United States District Court, E.D. Virginia, Alexandria Division

April 15, 2014

TOMTOM, INC., Plaintiff,
v.
AOT SYSTEMS GMBH, et al., Defendants

For TomTom, Inc., Plaintiff: Adrienne Gail Johnson, Attison Leonard Barnes, III, Brian Himanshu Pandya, Karyn Kay Ablin, Wiley Rein LLP (DC), Washington, DC.

For Michael Adolph, Defendant: Antigone Gabriella Peyton, LEAD ATTORNEY, Clyde Elbert Findley, Cloudigy Law PLLC, McLean, VA; Derek Yoshio Sugimura, Gilbert Oshinsky LLP, Washington, DC; Timothy Marshall Belknap, William Edgar Copley, Weisbrod Matteis & Copley PLLC, Washington, DC.

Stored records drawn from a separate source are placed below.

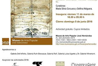 Demain, vendredi 11 mars 2016, le Museo de Arte Popular José Hernández proposera une exposition autour de la déclaration d'indépendance du 9 juillet 1816 : il a réuni seize artistes pour rendre hommage à cet acte fondateur de l'Argentine.
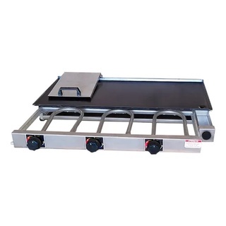 Chapa Chapeira De Lanches Porções Hot Dog Hambúrguer a Gás 70x30 cm Borda Alta Com 3 Queimadores + Brinde
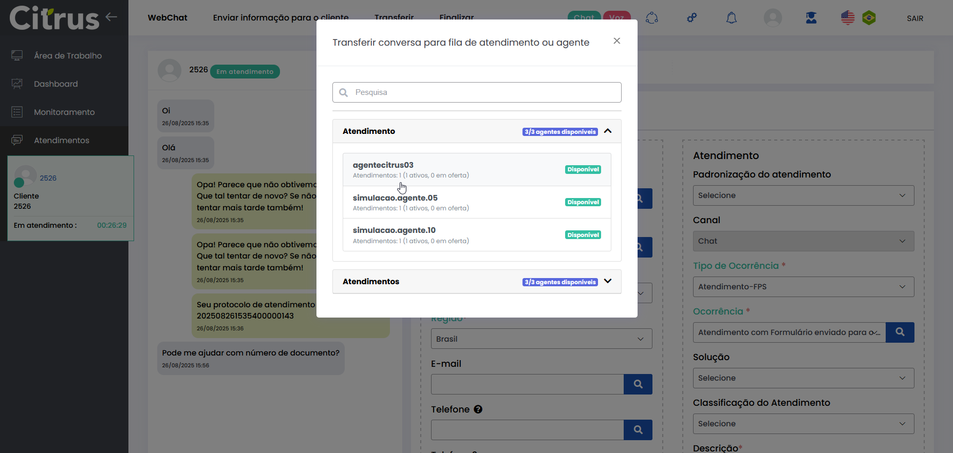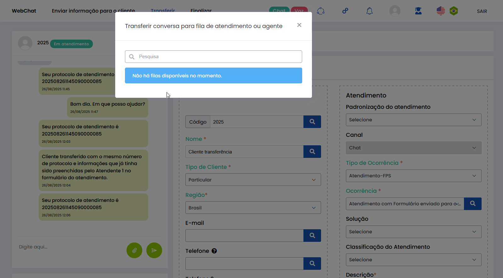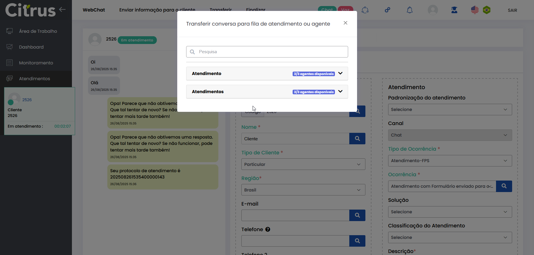 Transferir Atendimento WebChat Leitura estimada: 4 minutos 273visualizações O Atendente pode transferir atendimentos em andamento para outra fila ou outro Atendente do canal WebChat. A transferência permite que o cliente seja direcionado para o profissional ou setor mais adequado, sem perder o histórico da conversa. Além disso, o número do Protocolo é mantido após a transferência. O recurso proporciona fluidez aos atendimentos do canal e garante que todas as informações já fornecidas sejam preservadas. Benefícios O cliente não precisa repetir informações após a transferência. O novo Atendente tem acesso a todo o histórico da conversa. O atendimento segue com o mesmo número de Protocolo. Apenas Atendentes realmente disponíveis recebem a transferência. A experiência do cliente permanece fluida e transparente. Como a transferência funciona O atendimento permanece no canal: transferência só pode ser feita WebChat → WebChat. Campos obrigatórios do formulário de atendimento devem estar preenchidos antes da transferência. O atendimento transferido entra na fila de destino como prioridade 1, sendo o próximo a ser ofertado. O card é transferido respeitando o limite de atendimentos simultâneos por Atendente. Atendentes que atingiram o número máximo de atendimentos simultâneos estarão desabilitados para seleção no momento da transferência. Entre os Atendentes, a distribuição do atendimento respeitará a ordem da menor para a maior carga de atendimentos. Consulte Regras para Oferta de Cards de WhatsApp e WebChat Como transferir atendimento no canal WebChat Após preencher os campos obrigatórios do formulário do atendimento, clique no botão Transferir (topo do formulário). * Caso o Atendente não tenha preenchido todos os campos obrigatórios do formulário do atendimento, será alertado e não poderá seguir com a transferência. Se os dados obrigatórios foram adicionados ao formulário, ao pressionar Transferir o Atendente verá o pop-up de transferência na tela de Atendimentos. Ele pode aparecer de duas formas, contemplando os cenários possíveis sobre transferência: 1. Quando não existem filas disponíveis para receber transferência de atendimento 2. Quando existem filas disponíveis para receber transferência de atendimento Selecionar fila de atendimento ou Atendente: No pop-up de “Transferir conversa para fila de atendimento ou agente“, serão listadas as filas do canal WebChat. Ao lado de cada fila aparecem o total de Atendentes logados (na fila) e quantos desses encontram-se “disponíveis” para receber oferta de card de atendimento. Observe que existem duas filas, cada uma com 3 Atendentes logados e todos “disponíveis” para receber a transferência de atendimento. Ao clicar no seletor para ver mais informações de uma fila, será possível conferir quantos atendimentos “ativos” ou “em oferta” encontram-se com cada Atendente. Basta clicar no nome do Atendente para quem deseja transferir. Um novo pop-up solicitará confirmação da transferência para o Atendente selecionado. Pressione Sim, para confirmar. Ou, Não, pra cancelar. O card será ofertado para o Atendente selecionado como destinatário da transferência. Quando o Atendente Aceitar o card, visualizará: – O número de Protocolo original do atendimento. – Todas as informações inseridas no formulário pelo(s) Atendente(s) que já conversaram com o cliente. – Todo histórico de conversas (chat) com o cliente. O Atendente poderá prosseguir a conversa com o cliente e optar por realizar nova transferência ou Finalizar o atendimento. Acesse a Release notes da versão 2.109.37. Consulte também o Guia de Transferência de Atendimento no WhatsApp. Quer saber como os atendimentos são mostrados em tempo real para o Supervisor? Acesse o Guia de Monitoramento Citrus. × Clique nas imagens desta página para vê-las em tela cheia. Se preferir, recolha o menu da lateral esquerda da página para uma melhor visualização. Marcado:Agente Suporte WebChatAtendimento ao Cliente WebChatAtendimento Canal WebChatAtendimento Contact CenterAtendimento WebChatCall CenterCall Center OmnichannelCanal WebChatContact CenterContact Center CitrusContact Center com WhatsAppContact Center OmnichannelPlataforma Atendimento WebChatRecurso Transferir AtendimentoTransferência Atendimento ClienteTransferência de AtendimentoTransferência em Filas de WebChatTransferência entre Atendentes WebChatTransferir AtendimentoTransferir Atendimento Canal WebChatTransferir Atendimento de WebChatTransferir Atendimento do Canal WebChatTransferir Atendimento no Canal WebChatTransferir Atendimento WebChatTransferir AtendimentosTransferir Atendimentos de WebChatWebChat Atendimento Omnichannel

For Michael Adolph, Counter Claimant: Antigone Gabriella Peyton, LEAD ATTORNEY, Clyde Elbert Findley, Cloudigy Law PLLC, McLean, VA; Derek Yoshio Sugimura, Gilbert Oshinsky LLP, Washington, DC; Timothy Marshall Belknap, William Edgar Copley, Weisbrod Matteis & Copley PLLC, Washington, DC.

For TomTom International, B.V., Counter Defendant: Adrienne Gail Johnson, Attison Leonard Barnes, III, Karyn Kay Ablin, Wiley Rein LLP (DC), Washington, DC.

For TomTom, Inc., Counter Defendant: Adrienne Gail Johnson, Attison Leonard Barnes, III, Brian Himanshu Pandya, Karyn Kay Ablin, Wiley Rein LLP (DC), Washington, DC.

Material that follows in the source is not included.